On Wed, 2015-08-26 at 13:31 -0300, Tulio Magno Quites Machado Filho
wrote:
> What about the following?
> 
> /* CONCURRENCY NOTES:
> 
>    The macro expression is_lock_free is read and possibly written to by
>    multiple threads, either during lock acquisition, or elision.  In order to
>    avoid this evaluation from becoming a race condition with the lock
>    acquirement from the lock primitive, the access of is_lock_free is placed
>    *inside* the transaction.  Within the transaction we are assured that all
>    memory accesses are atomic and is_lock_free can be evaluated with relaxed
>    memory order.  That way, the value of is_lock_free is consistent with the
>    state of the lock until the end of the transaction.  */

I suggest instead:

The evaluation of the macro expression is_lock_free encompasses one or
more loads from memory locations that are concurrently modified by other
threads.  For lock elision to work, this evaluation and the rest of the
critical section protected by the lock must be atomic because an
execution with lock elision must be equivalent to an execution in which
the lock would have been actually acquired and released.  Therefore, we
evaluate is_lock_free inside of the transaction that represents the
critical section for which we want to use lock elision, which ensures
the atomicity that we require.


If you think this is adequate, please commit.
Torvald Riegel Oct. 8, 2015, 3:54 p.m.
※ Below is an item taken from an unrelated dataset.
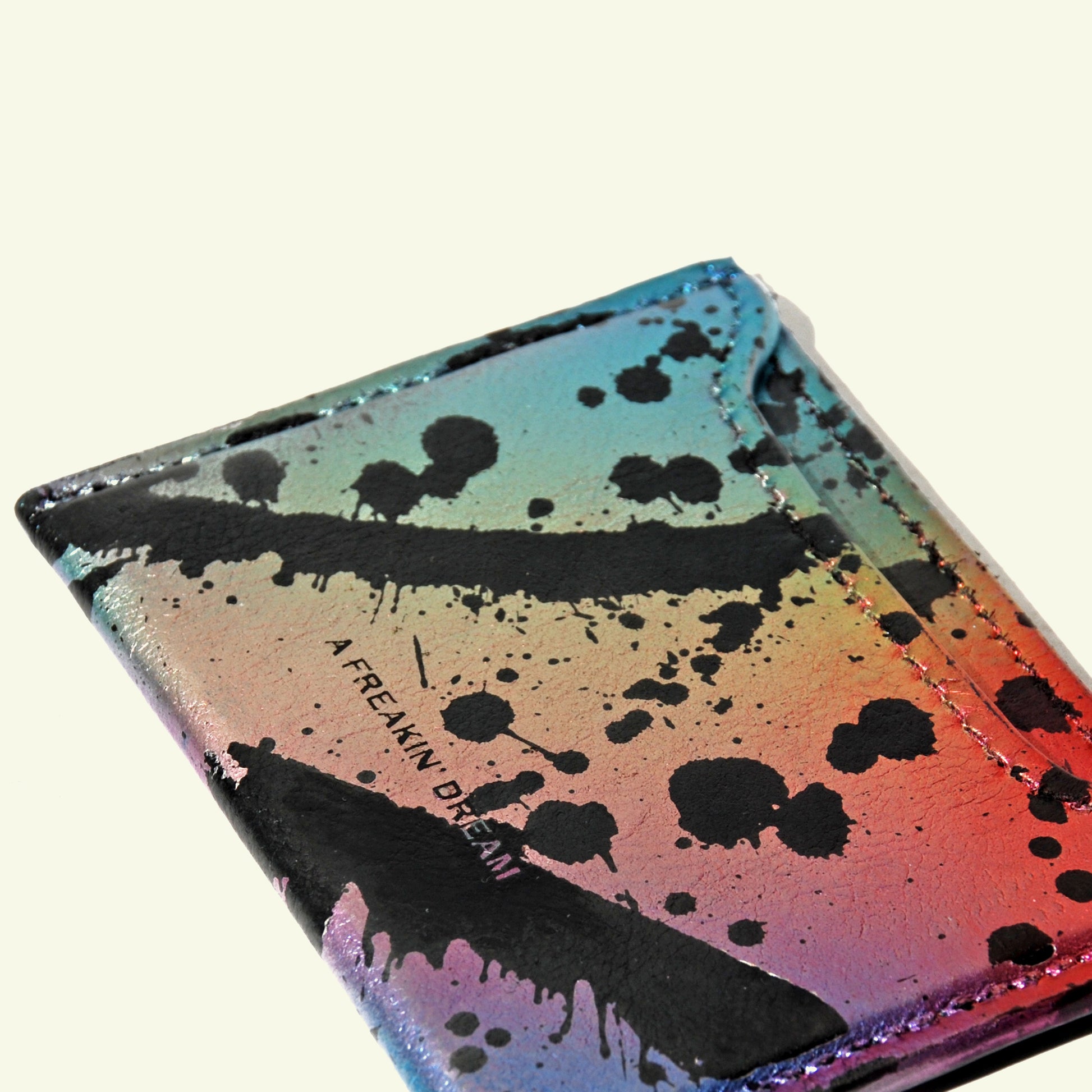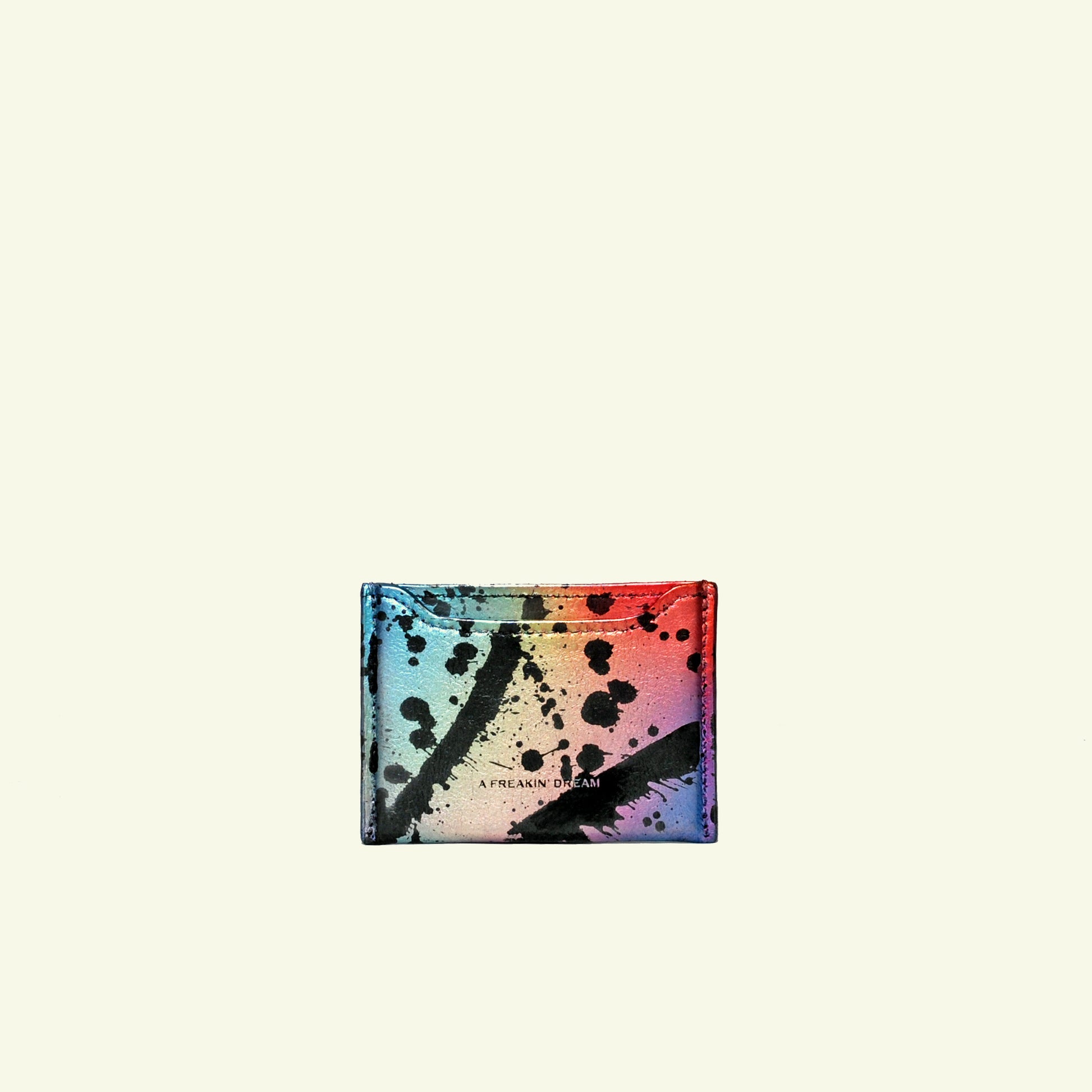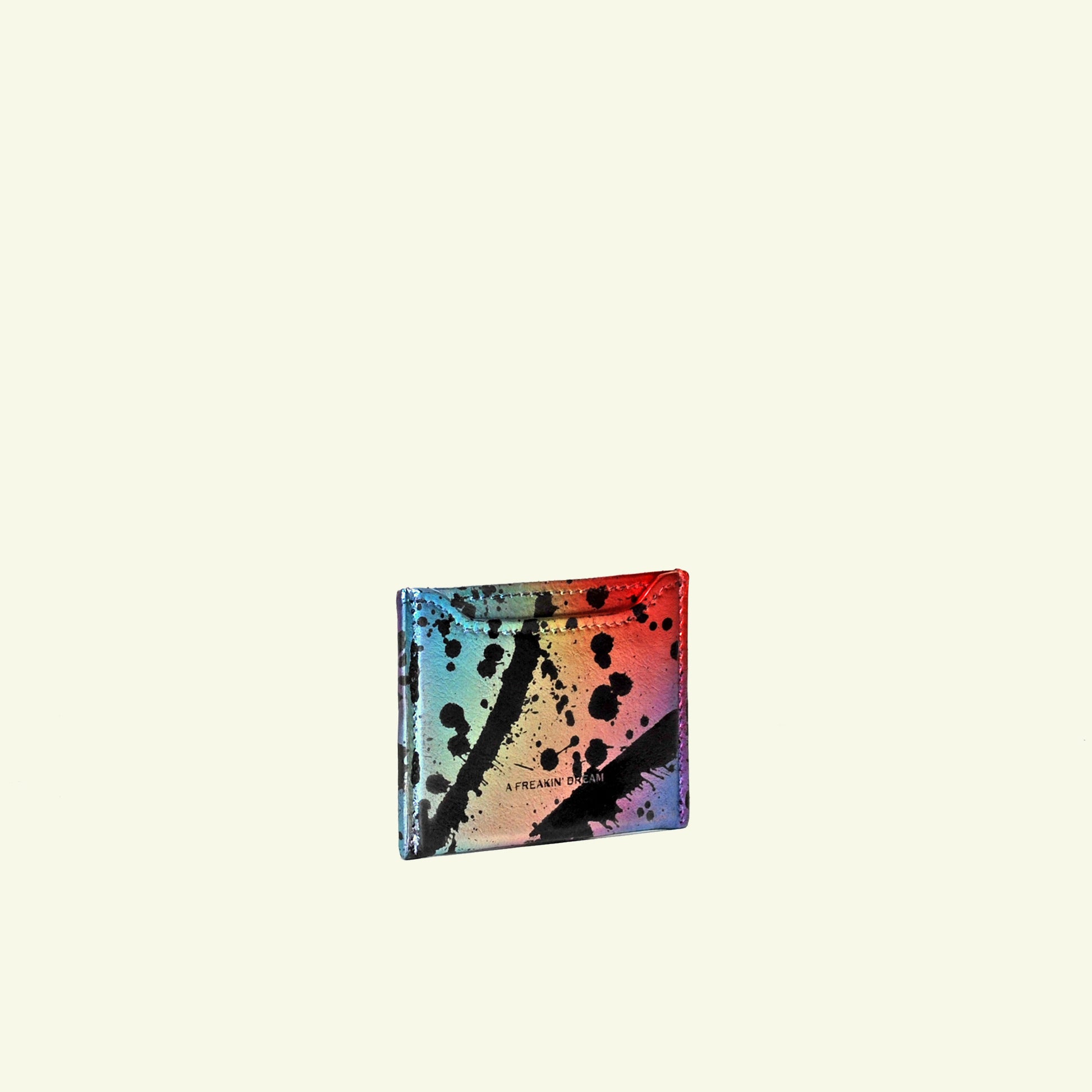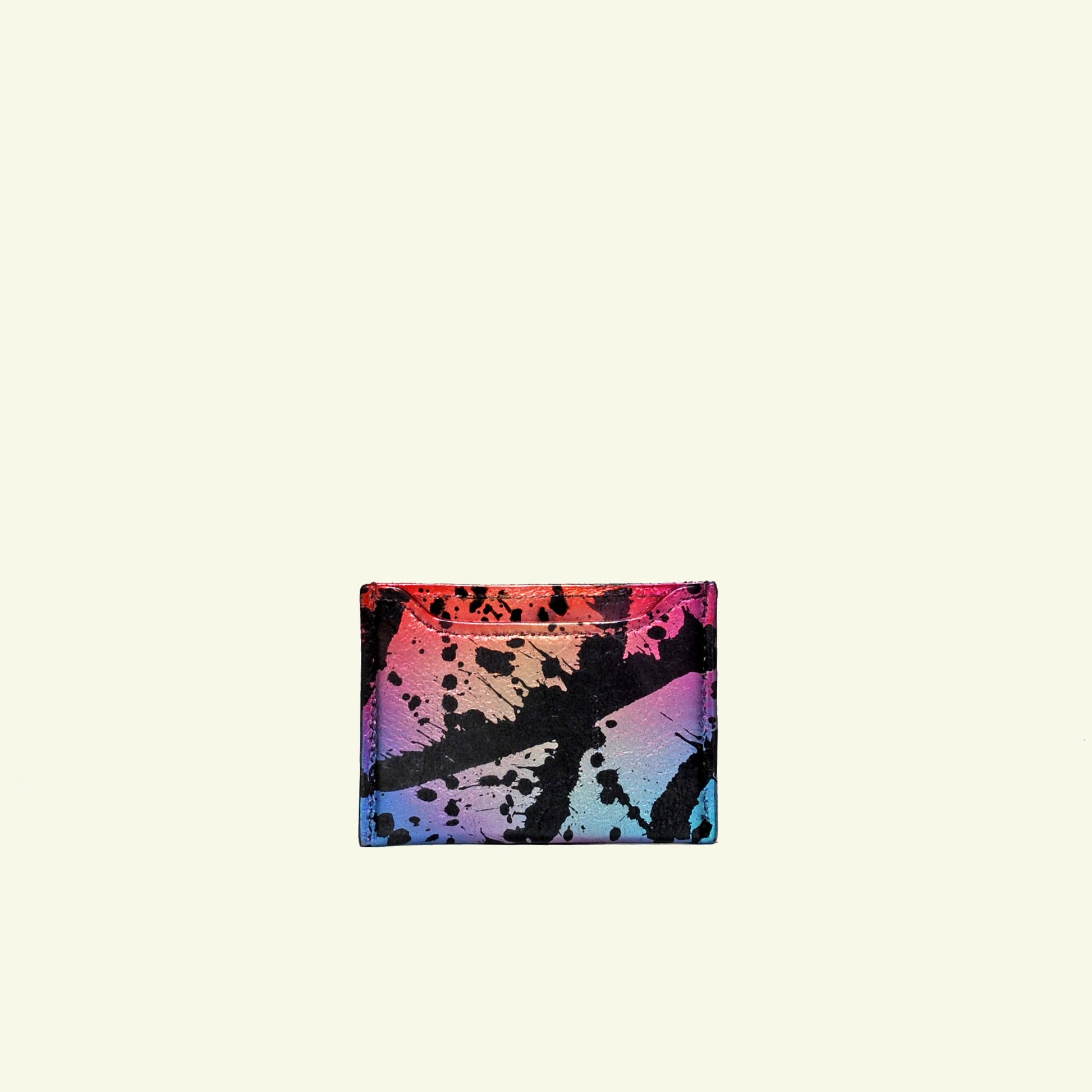 Card holder in airbrushed calfskin "Dripping Rainbow"

UTC | #31
On Tue, 2015-09-01 at 16:24 -0500, Paul E. Murphy wrote:
> 
> On 09/01/2015 03:46 PM, Adhemerval Zanella wrote:
> > Indeed the 'odd' comment does not make sense and we should just remove it
> > (I misread texasr definition).  My initial idea was define some codes
> > that set the persistent failures and some that do not.  I think I best
> > approach would be:
> > 
> > /* tabort will set TEXASR(0:31) = ((_ABORT_LOCK_BUSY & 0xff) << 24) | 0x1
> >    and the TEXASR persistent bit is bit 25 (32-7).  Only the syscall
> >    code means a persistent error that should trigger a default lock
> >    acquisition.  */
> > #define _ABORT_SYSCALL         0x1   /* Syscall issued.  */
> > #define _ABORT_LOCK_BUSY       0x2   /* Lock already used.  */
> > #define _ABORT_NESTED_TRYLOCK  0x4   /* Write operation in trylock.  */
> 
> The kernel defines several abort codes, we'll want to work with them, or
> recycle them as needed.

Agreed in general.  The abort codes should be part of the ABI, or we'll
get into trouble interpreting them given that transactions can span
across different layers.  I've asked Andi Kleen whether he can make this
happen for x86 (eg, through appropriate documentation somewhere).  It
would be good if this can be clarified/specified on PowerPC too.

Can kernel-level abort codes actually reach userspace, or do we only
need to establish userspace consensus for these codes?  For x86, it's
userspace only AFAIK.

Would it be likely that userspace explicit aborts get interpreted by the
kernel?  They can't be trusted more than one would trust the program.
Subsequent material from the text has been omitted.